Here's a complete pipeline that combines fmriprepper and niflowr using the targets package:

```{r targets-pipeline}
# _targets.R
library(targets)
library(niflowr)

list(
  tar_target(deriv_dir, "/data/derivatives/fmriprep"),

  tar_target(subjects, ni_fmriprep_derivatives(deriv_dir)$subject),

  tar_target(
    preproc,
    ni_fmriprep_preproc(deriv_dir, subid = subjects, suffix = "T1w"),
    pattern = map(subjects)
  ),

  tar_ni_step(
    registered,
    "ants.registration",
    fixed_image = "template.nii.gz",
    moving_image = preproc$path[1],
    output_transform_prefix = ni_deriv_path(preproc$path[1], desc = "customreg"),
    pattern = map(preproc)
  ),

  tar_target(
    func_preproc,
    ni_fmriprep_preproc(deriv_dir, subid = subjects, task = "rest", suffix = "bold"),
    pattern = map(subjects)
  ),

  tar_target(
    confounds,
    ni_fmriprep_confounds(
      deriv_dir,
      subid = subjects,
      task = "rest",
      select = c("trans_x", "trans_y", "trans_z", "rot_x", "rot_y", "rot_z")
    ),
    pattern = map(subjects)
  )
)
```

## Tips

**Check completion status:** Before starting niflowr post-processing, verify that fMRIPrep completed successfully for all subjects.
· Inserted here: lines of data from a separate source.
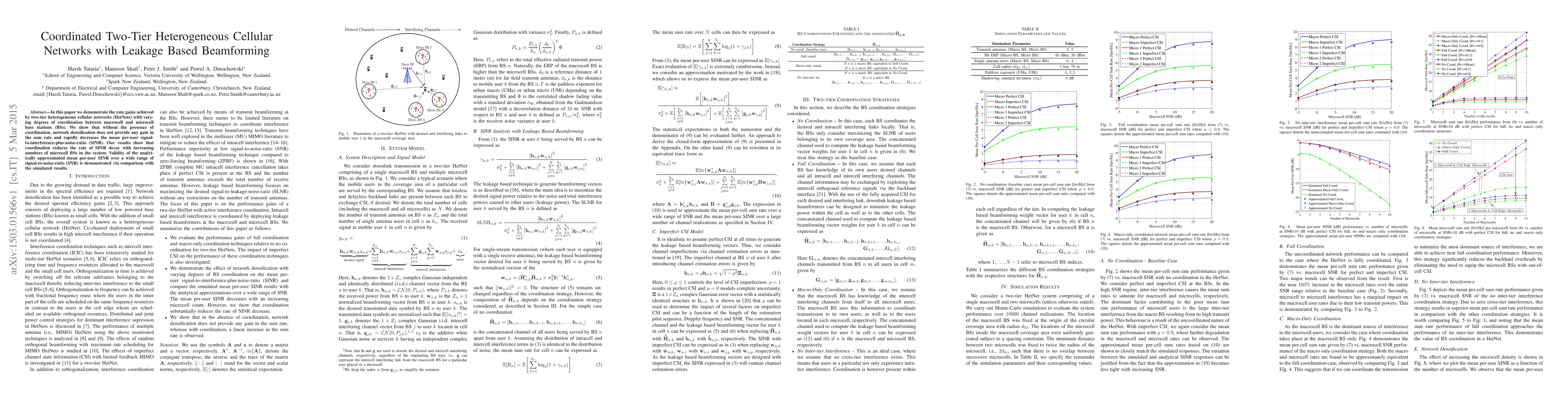 Two-tier heterogeneous cellular networks achieve rate gains through coordination between macrocell and microcell base stations, improving signal-to-interference-plus-noise-ratio with increasing numbers of microcells.
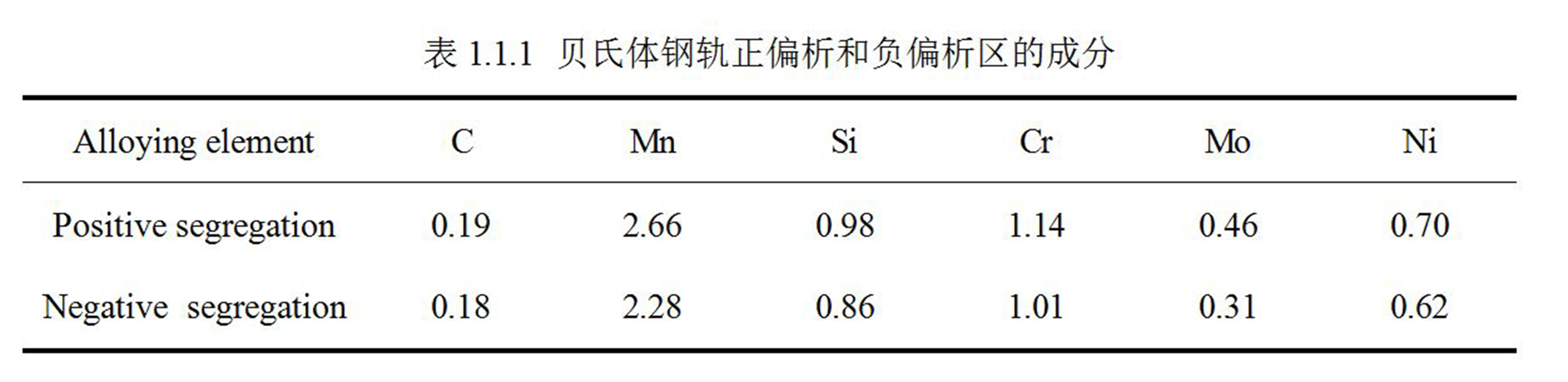 英文名称 : Composition of positive and negative segregation zone of bainite rail
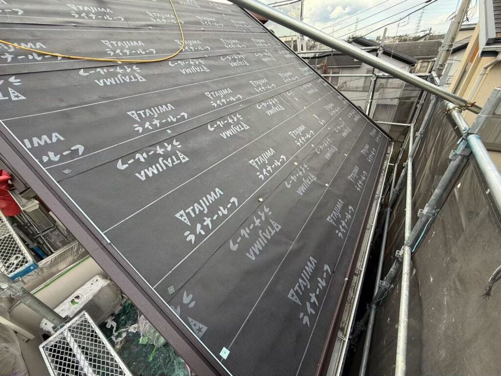 次に、防水シートを貼っていきます! 使用したルーフィングは、田島ルーフィング/ニューライナールーフィングです。
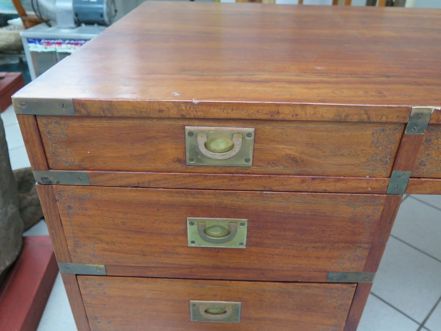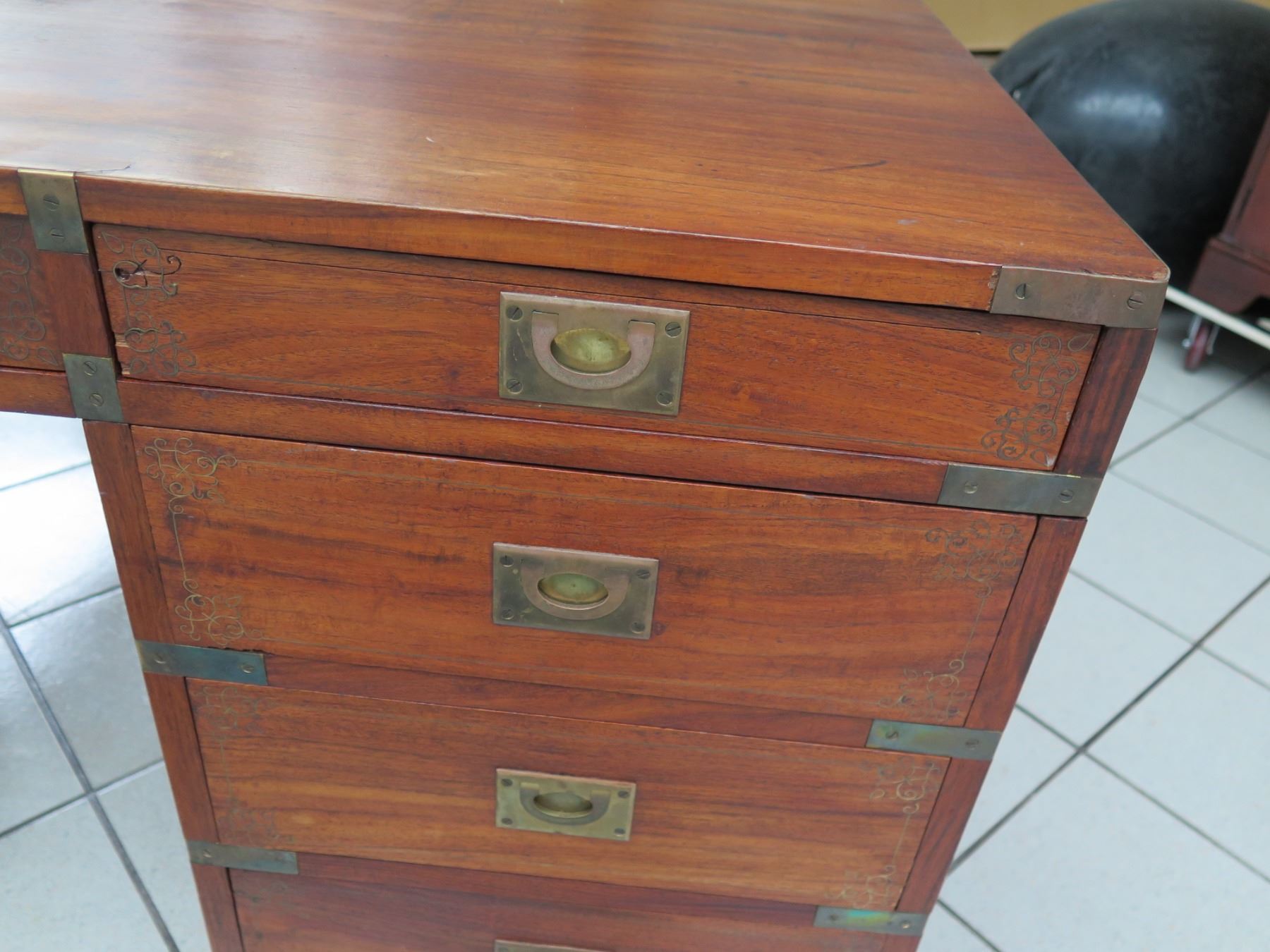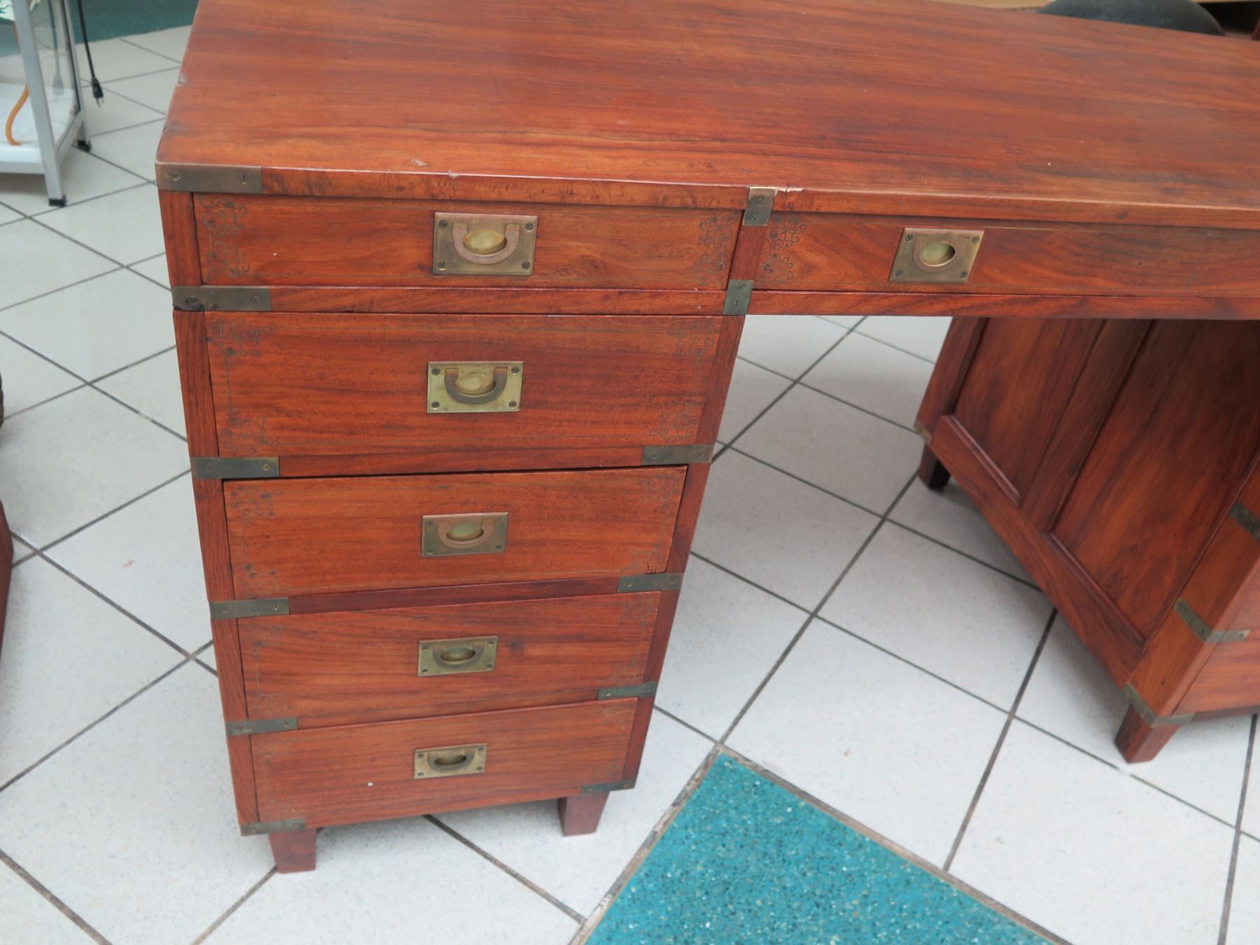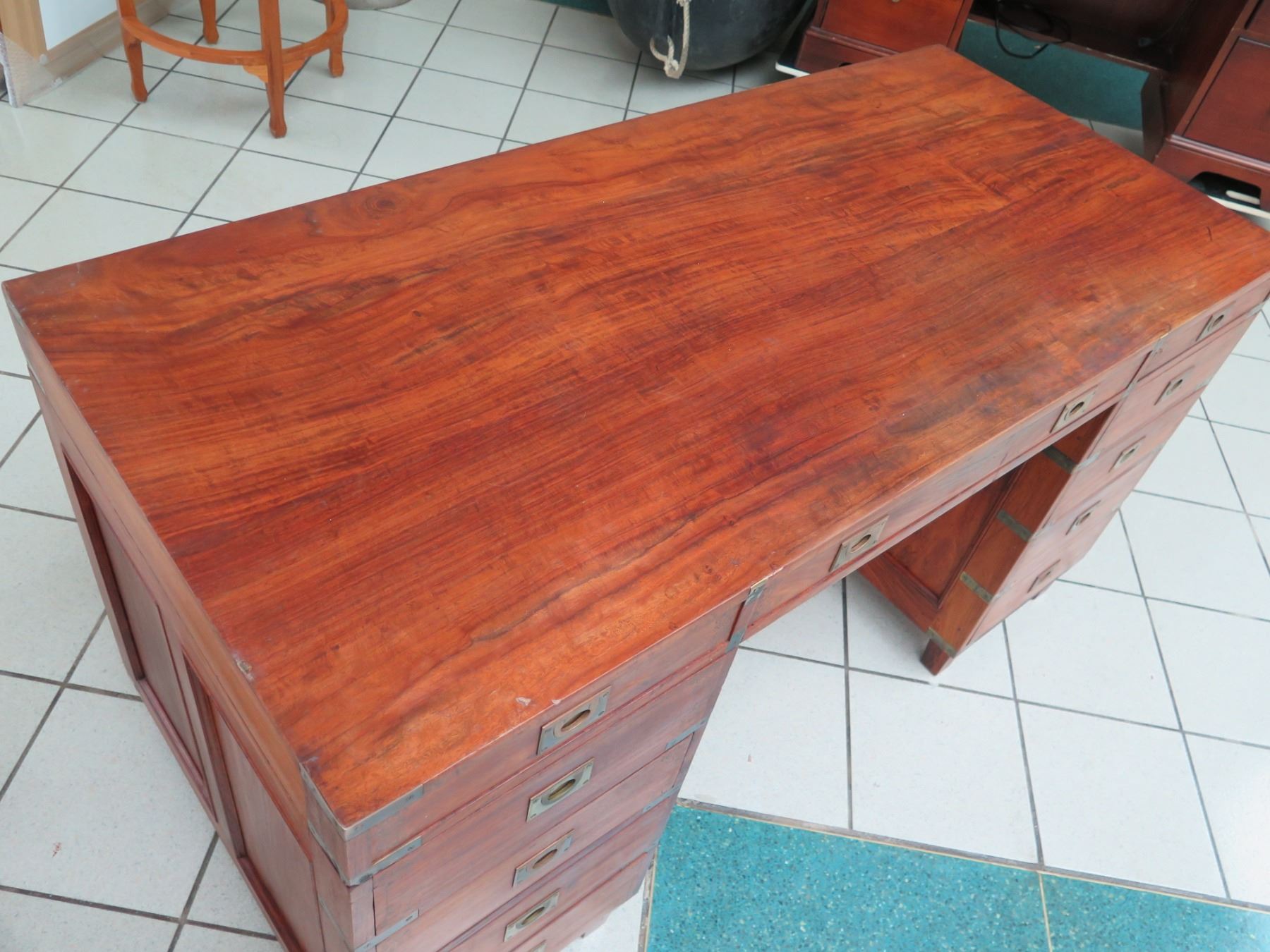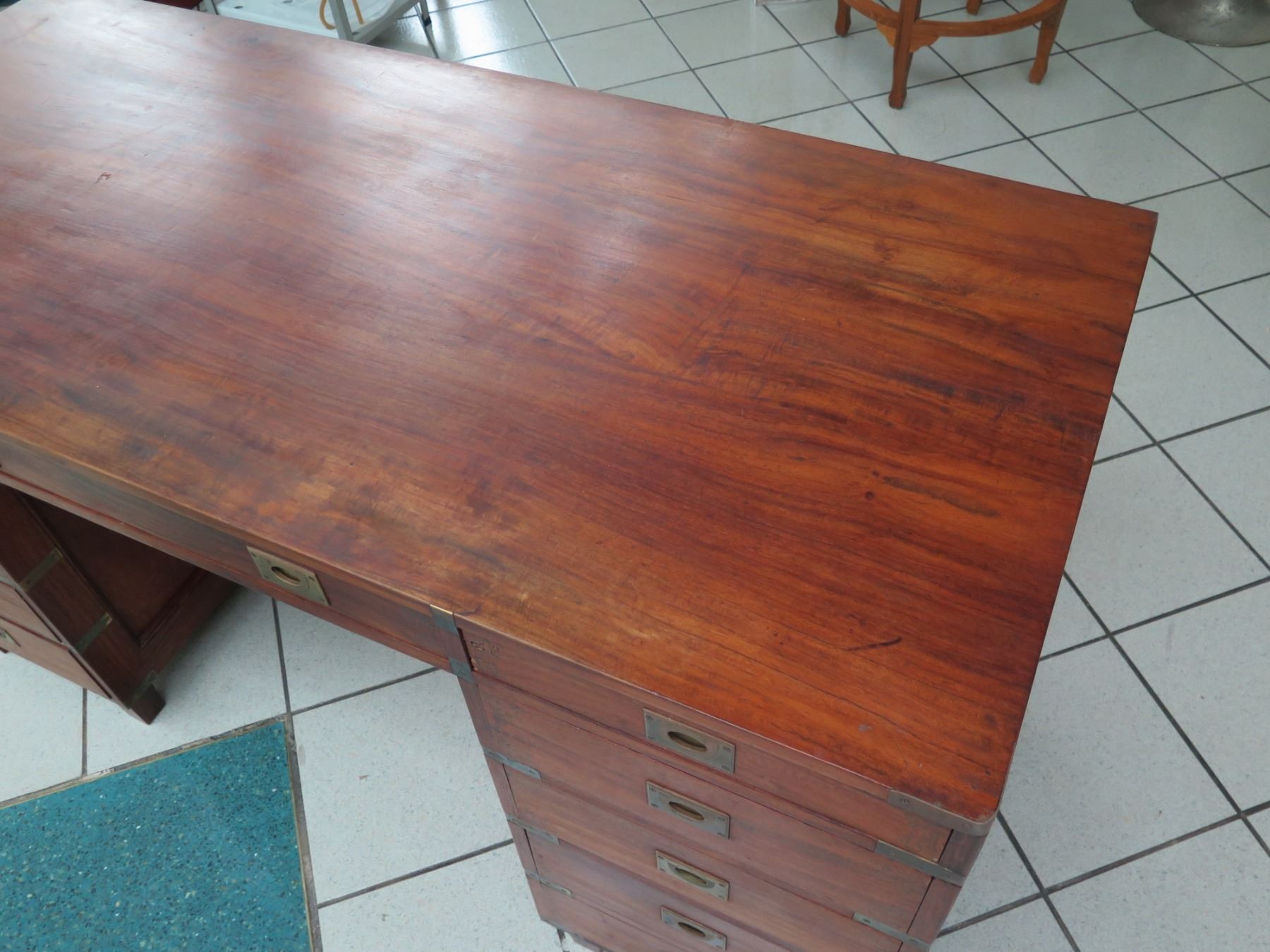 Wooden Desk with Inlaid Brass Filigree & Hardware, 59" x 29" x 31" H, Has Cosmetic Blemishes From Age (as shown in the pictures)

The fmriprepper package provides `is_completed()` to check for expected output files.

**Handle missing subjects:** Not all subjects may complete successfully. Use `ni_fmriprep_derivatives()` to discover which subjects have valid outputs, then filter your subject list accordingly.

**HPC considerations:** For large datasets, use fmriprepper's SLURM array integration (`write_slurm_array()`) to parallelize fMRIPrep across subjects. Once derivatives are ready, use targets with a parallel backend (`tar_make_future()`) to scale niflowr post-processing.

**Version tracking:** Both packages write provenance metadata. Check `dataset_description.json` in fMRIPrep derivatives and niflowr's container runtime metadata to ensure reproducibility.